Bread of Life – Sunday 11th August – Pastor Adrian Kitson
35 Then Jesus declared, “I am the bread of life. Whoever comes to me will never go hungry, and whoever believes in me will never be thirsty.
41 At this the Jews there began to grumble about him because he said, “I am the bread that came down from heaven.” 42 They said, “Is this not Jesus, the son of Joseph, whose father and mother we know? How can he now say, ‘I came down from heaven’?”
43 “Stop grumbling among yourselves,” Jesus answered. 44 “No one can come to me unless the Father who sent me draws them, and I will raise them up at the last day. 45 It is written in the Prophets: ‘They will all be taught by God.’ Everyone who has heard the Father and learned from him comes to me. 46 No one has seen the Father except the one who is from God; only he has seen the Father.
47 Very truly I tell you, the one who believes has eternal life. 48 I am the bread of life. 49 Your ancestors ate the manna in the wilderness, yet they died. 50 But here is the bread that comes down from heaven, which anyone may eat and not die. 51 I am the living bread that came down from heaven. Whoever eats this bread will live forever. This bread is my flesh, which I will give for the life of the world.”
I wonder if we all know we need this Bread of Life and live like God is with us, and yet, somehow reduce him to a single job. God’s job is to provide us with whatever it is that we need on any given day, in any given circumstance. If things go well, then God is doing well. If things are not going well, God is not doing so well because he is unaware, asleep to our need, indifferent to what is going on or withholding his good bread of life because we have done something to displease him. It is easy to live like this in a world that operates on these terms – performance, achievement, punishment and reward …
Sometimes I wonder if all I am really interested in is getting what I trust the Lord has for me and us, more than being satisfied with and enlivened by simply having him; him with me and me with him and him with us? As a result, do I often miss him – not understand him and his work, his calling, his love…?
In this pivotal chapter 6 of John’s gospel, we have heard questions and responses from protagonists and puzzled friends about who Jesus is saying he really is. There are big numbers of people on the scene. Jesus has seen through their real motivations for being around him. They liked the free bread and fish. They want their fill again. They want bread. They want hope. They want help. They want lots….
We now hear about a particular group within the crowd for the first time. John just calls them “the Jews”.

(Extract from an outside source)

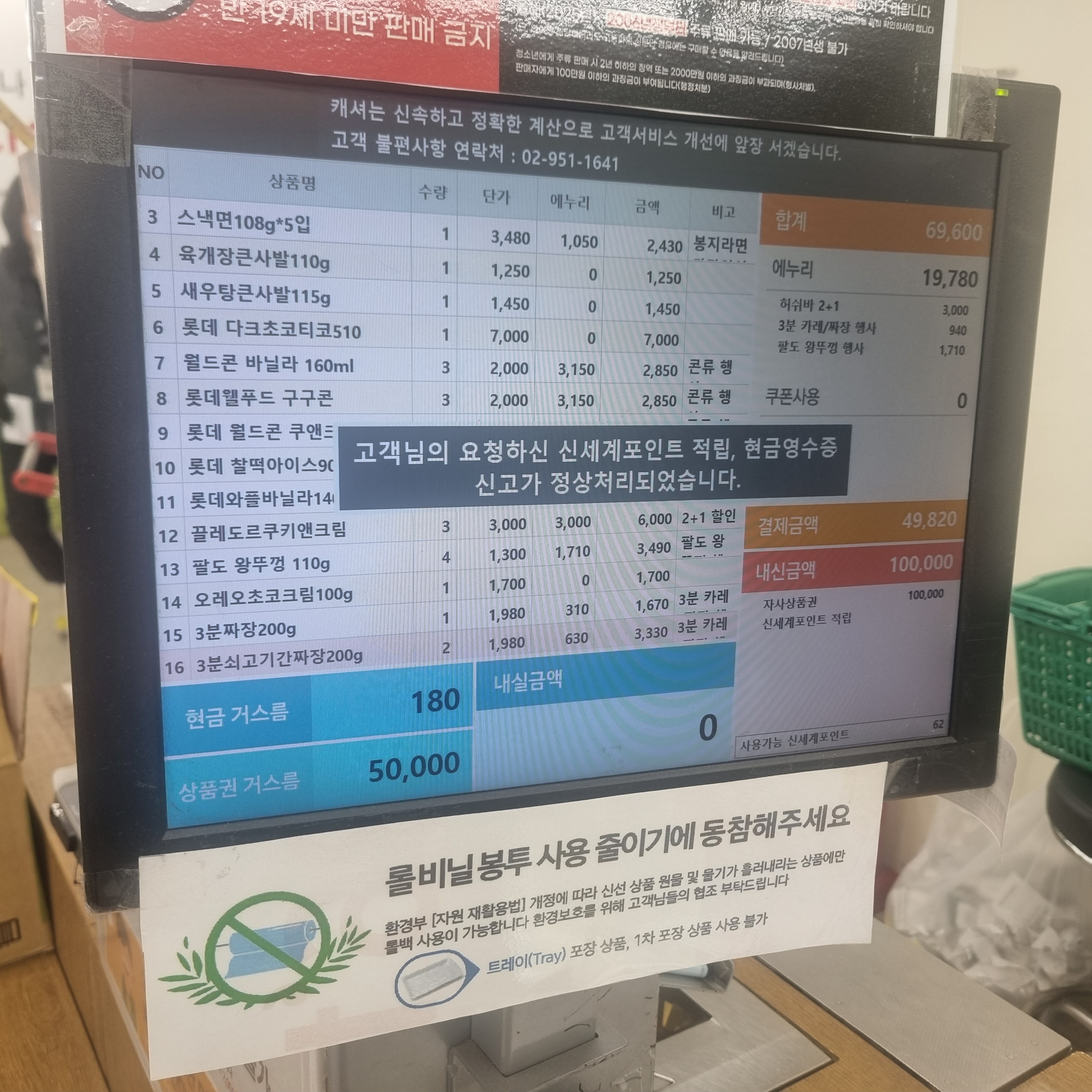 저희는 아이스크림 행사, 봉지라면 행사(3개구매시 30%할인), 3분카레 등 이마트 고래잇 행사 헤택받고 19,780원 할인 혜택을 받았네요
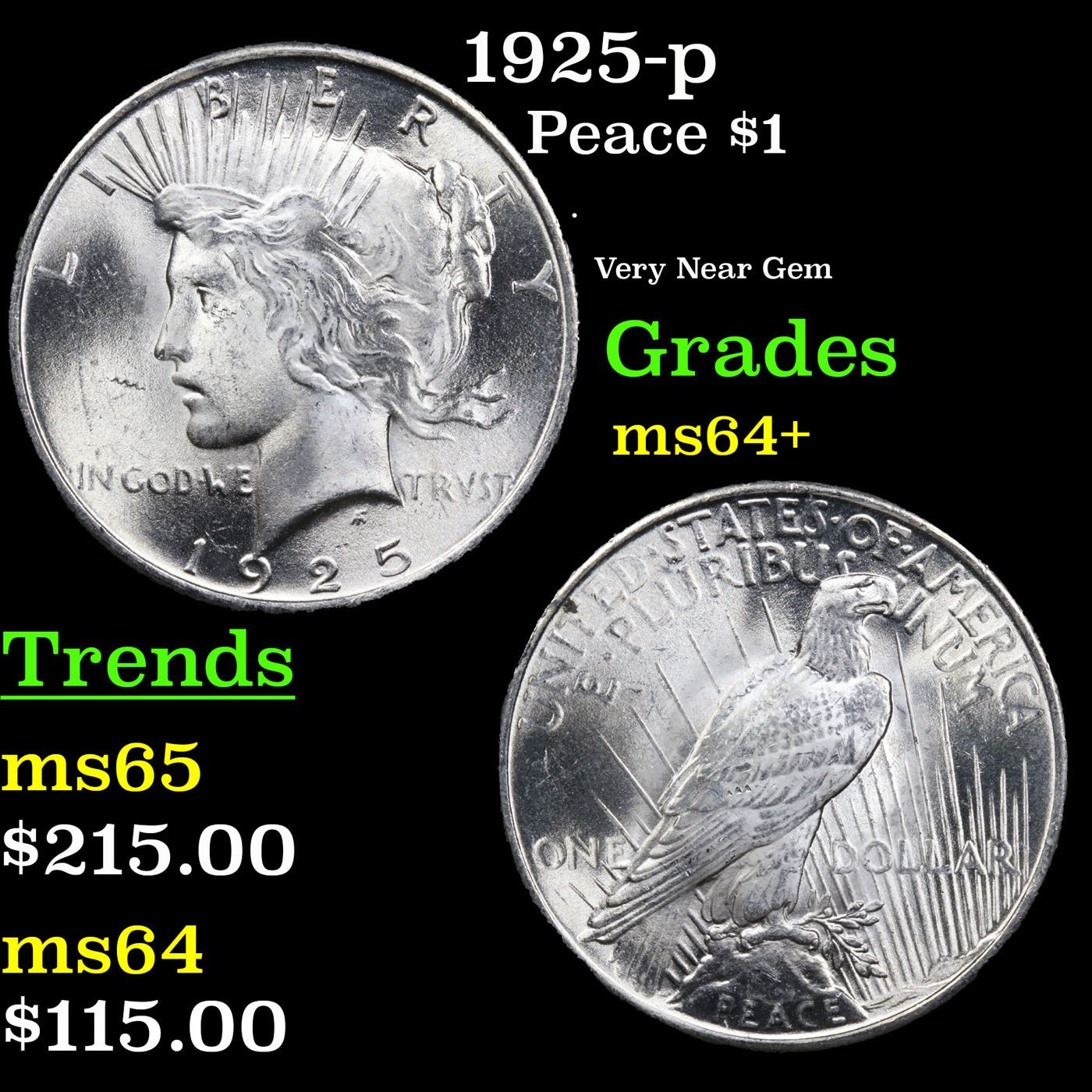 1925-p Peace Dollar $1 Grades Choice+ Unc.

Other gospel writers name them members of the Jewish religious establishments – two religious/political parties. We know their names: Pharisees and Sadducees. Of course, just like has often been the case in our own Lutheran Church story, we might be generally of the same story but that doesn’t mean everyone agrees! We are finding that out again in these times!
They did not agree on many things. Their biggest bone of contention was about resurrection from the dead.
The Pharisees were more ‘the people’s party’. They maintained that there is an after-life existence. God punishes the wicked and rewards the righteous in the world to come. They also believed in a Messiah who would herald an era of world peace here and later on.
The Sadducees were a more elite kind of party. They wanted to maintain the priestly family – the Levites of the Old Testament, and their priesthood. At the same time, they were generally more open to the surrounding Greek culture and practice. They even incorporating aspects of Greek art, gods, and Greek language in their synagogues, writing and daily living. Of course, to the Pharisees, this was ‘selling out’.
The Sadducees rejected the notion that the Word of God is interpreted and passed on by word of mouth. They insisted on a more literal interpretation of the written word. As a result, they did not believe in resurrection to an after-life, since it is not literally mentioned in the Old Testament Law. Their focus was firmly set on the here and now. Their main focus was on the worship and ritual associated with the Jerusalem Temple and maintaining the right priesthood.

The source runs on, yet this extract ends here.